Being away from my wife was incredibly difficult. We had never been apart for more than 10 days. As time went on I could feel a weakness inside of me – a part of me missing, and there is nothing that helps the situation except to look forward to when I get to fly to CO to get my family – I will come back for my bride.
At my daughter’s wedding, there are several things I can expect. I have been involved in a lot of weddings – I’ve officiated, been a best man twice, groomsman, usher, musician, and attendee. And I know that when I prepare to walk down the aisle with my daughter, she will be the most beautiful she has ever been – she will be prepared. I also know that as we approach the altar, for her, everyone in that room will disappear except for the man she loves – the one for whom she has prepared.
If we are the bride, what will we look like when we begin to walk toward the aisle?
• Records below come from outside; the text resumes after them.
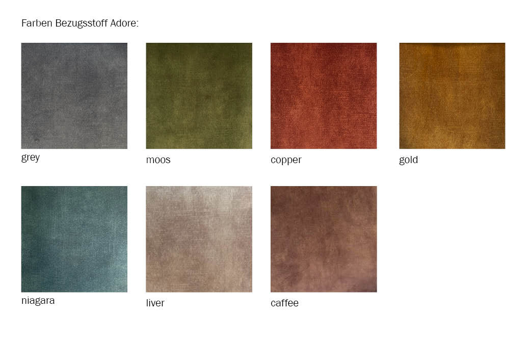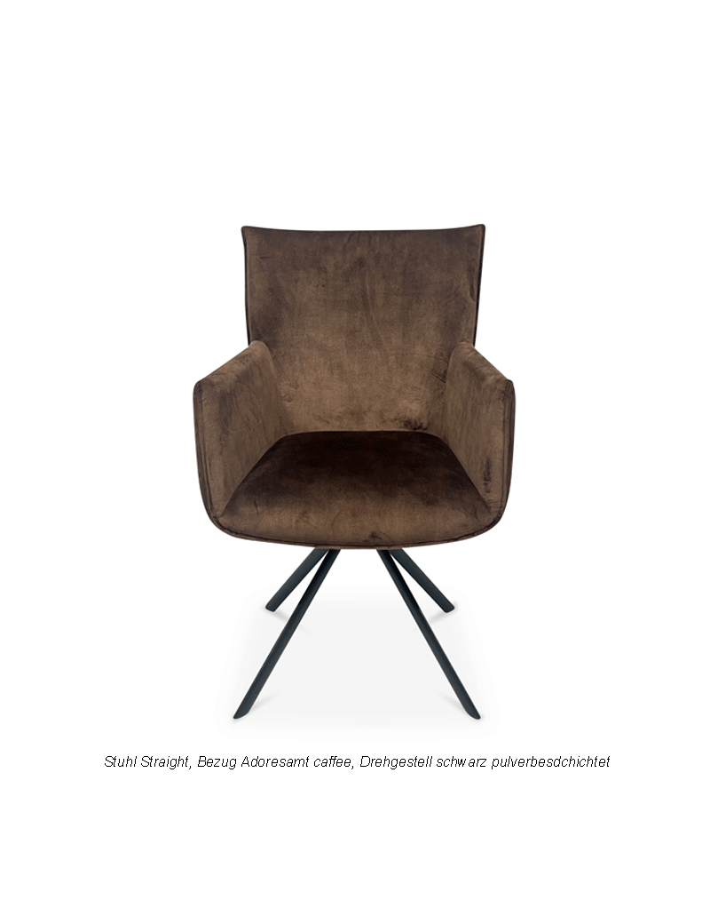 Geradliniger Drehstuhl mit Armlehnen. Elegant und zeitloses Design in unempfindlichem Bezugstoff ADORESAMT. In 7 Farben erhältlich.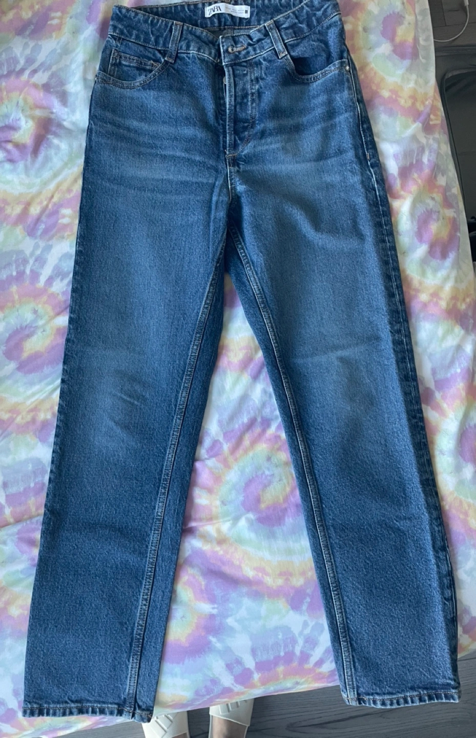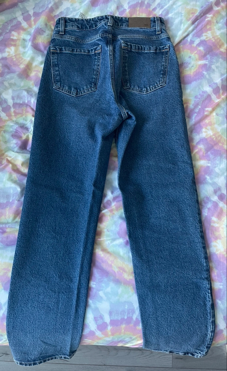 Pair of women's straight leg jeans. Medium wash denim. Classic five-pocket style. Good condition. Wore once, too small for me.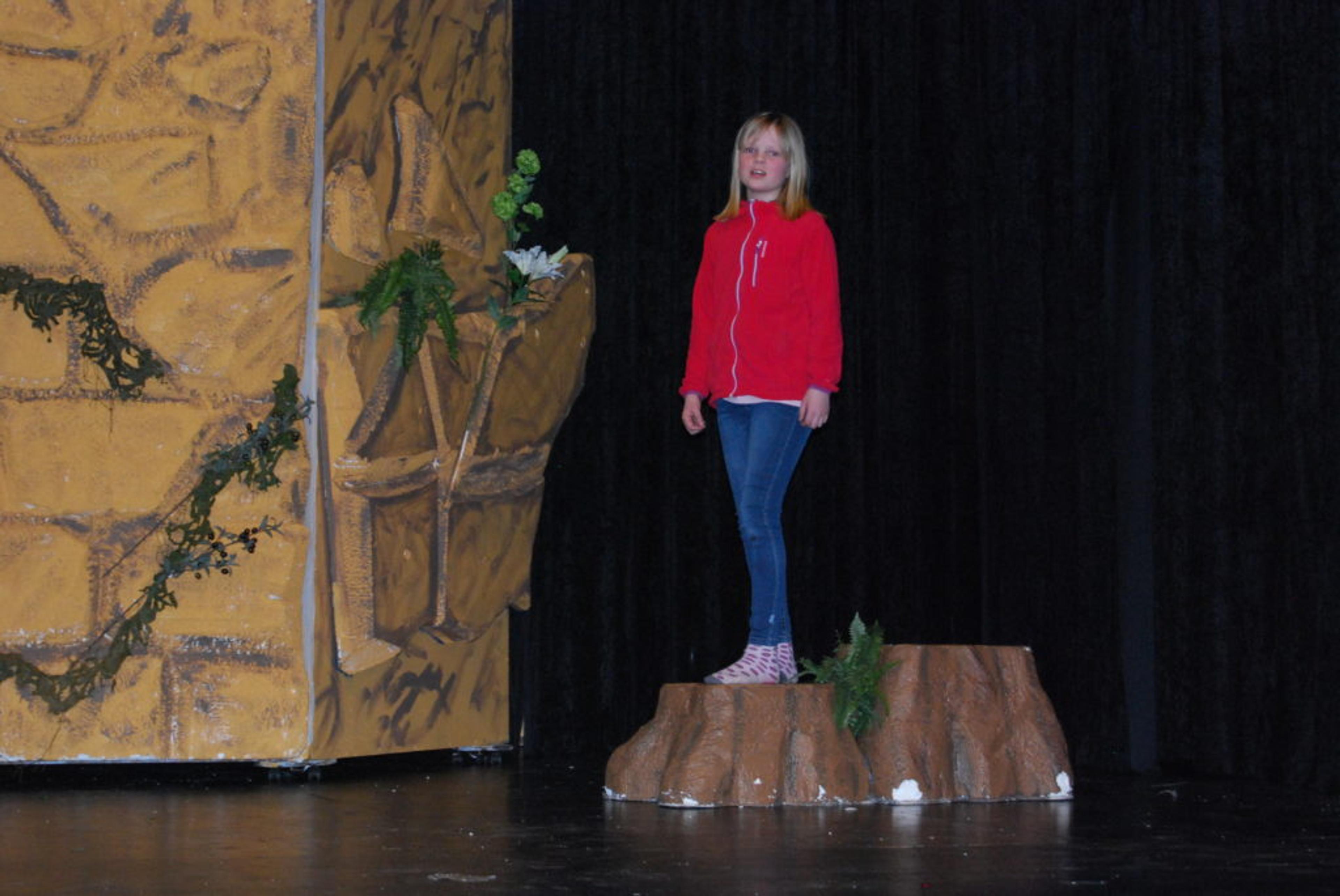 MOWGLI: Elea Kirkeberg (10) spiller Mowgli. Hun gleder seg til endelig at alle forberedelser er ferdig og sceneteppet går opp for premieren lørdag 1. april. Foto: Amalie Andersen.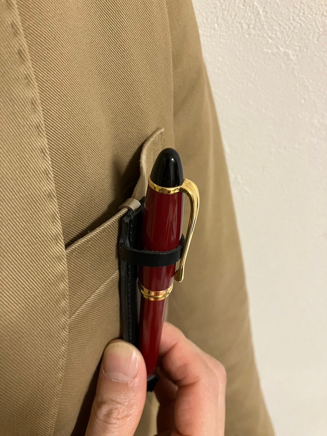 このペンホルダーは、ジャケットやスーツの上着の左胸ポケットにさすことを想定しております。他の衣類のポケットや鞄等のポケットにさすと、ペンホルダーの落下や破損、落下によるペンの破損又は衣類のたわみの原因となりますのでお止めください。

If we consider that like me in MO, Christ is eagerly anticipating coming back for His bride, this means that His return to us is just as joyful for Him as for us. Revelation 19:7 reads: “Let us rejoice and exult and give him the glory, for the marriage of the Lamb has come, and his Bride has made herself ready; it was granted her to clothe herself with fine linen, bright and pure”— for the fine linen is the righteous deeds of the saints.” The wedding is coming and we have to prepare.
If I consider the two things I know that will happen with my daughter, it means that I need to pay attention to the image I present when our bridegroom arrives. Am I doing all I can to clothe myself in righteousness? Am I chasing that fine linen of righteous behavior? Ephesians 5:27 says: “that he might present the church to himself in splendor, without spot or wrinkle or any such thing, that she might be holy and without blemish.”
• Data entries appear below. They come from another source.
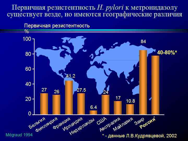 Лечение HР -ассоциированных заболеваний. • Метронидозол, который раньше являлся антибиотиком выбора сейчас не применяется, поскольку резистентность к препарату растет и уже для некоторых штаммов НР достигла 80% ! • Кларитромицин при необходимости можно заменить тетрациклином (250 мг х 4 р/д) или фуразолидоном • Только при неэффективности тройной терапии прибегают к 4 -х компонентной схеме, включающей в себя ИПП + 2 антибиотика + • коллоидный субстрат висмута (Де-нол) 120 мг х 4 р/д.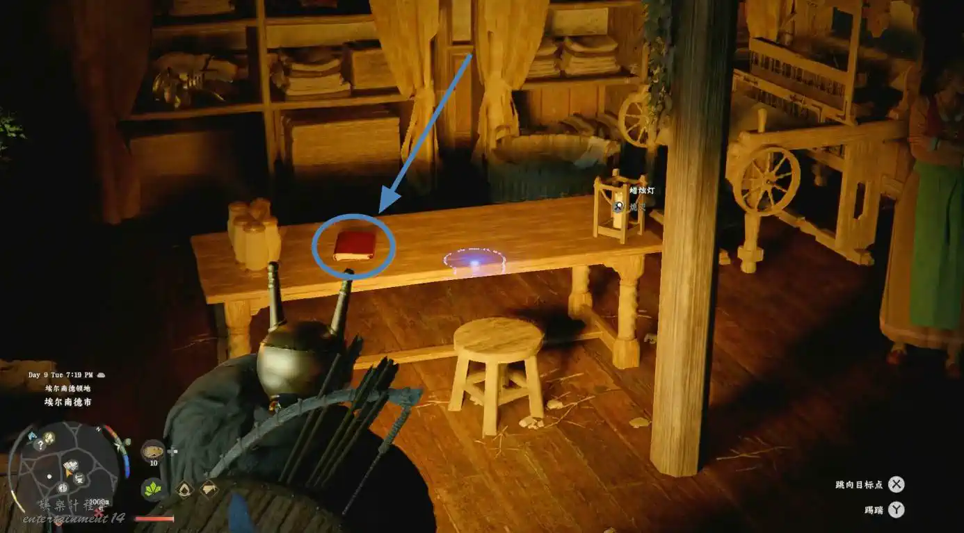 上樓梯到二樓,樓梯口正前方書架左邊可拾取“鑲嵌紅寶石的黃金匕首”。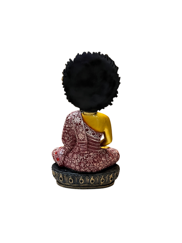 • Design: Meditating Buddha in antique gold with intricate maroon robe detailing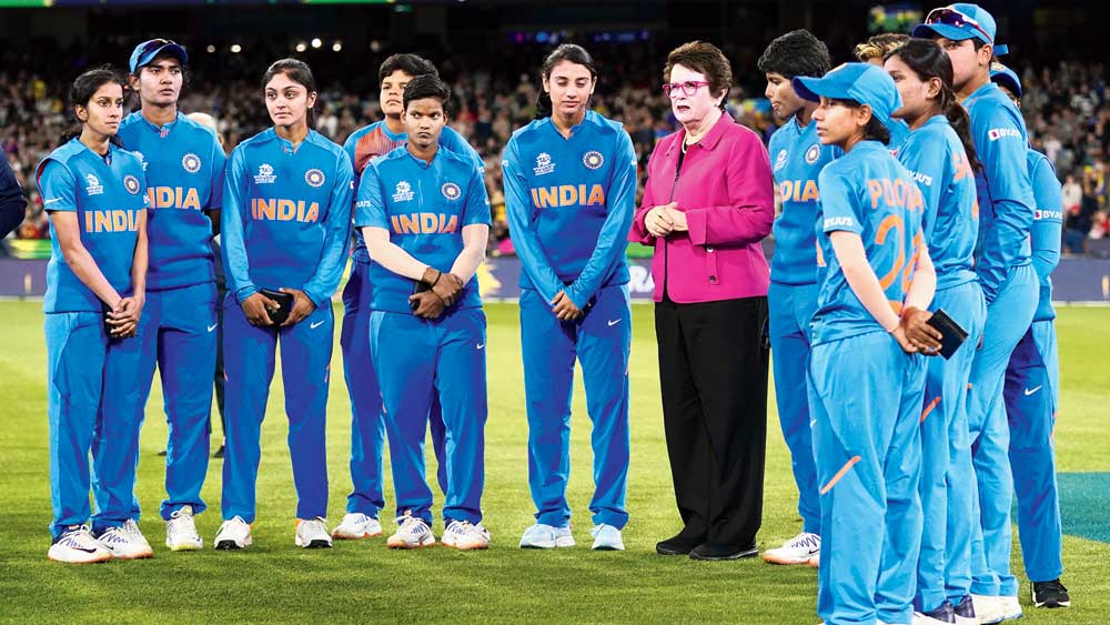 বিষণ্ণ: বিশ্বকাপ ফাইনালে হারের পরে ভারত। স্মৃতিদের সঙ্গে টেনিস কিংবদন্তি বিিল জিন কিং। রবিবার। ছবি: রয়টার্স।

And even as I prepare, where is my focus? I know what will happen at my daughter’s wedding because I have seen it in countless others, and because I remember seeing my own bride walk down the aisle. At that moment, nothing else matters. For the rest of my life following that moment, everything in this world matters a little less if she is not a part of it. Those are the eyes I want to focus on the Creator – the eyes He undeservedly focuses on me.
It is time we prepare for our bridegroom. This means that we need to approach with a devotion and anticipation of an eternity with the one who loves us most. As you consider your own marriage, consider the love, the sense of protection, the companionship – and recognize that our relationship with God has always been meant to be the model for these things in our marriages. God is the bridegroom and we are the blushing bride – loved, protected, and eagerly awaited by the one who has called us home.
I am so happy for you and your daughter. Happy Blessing to both of you.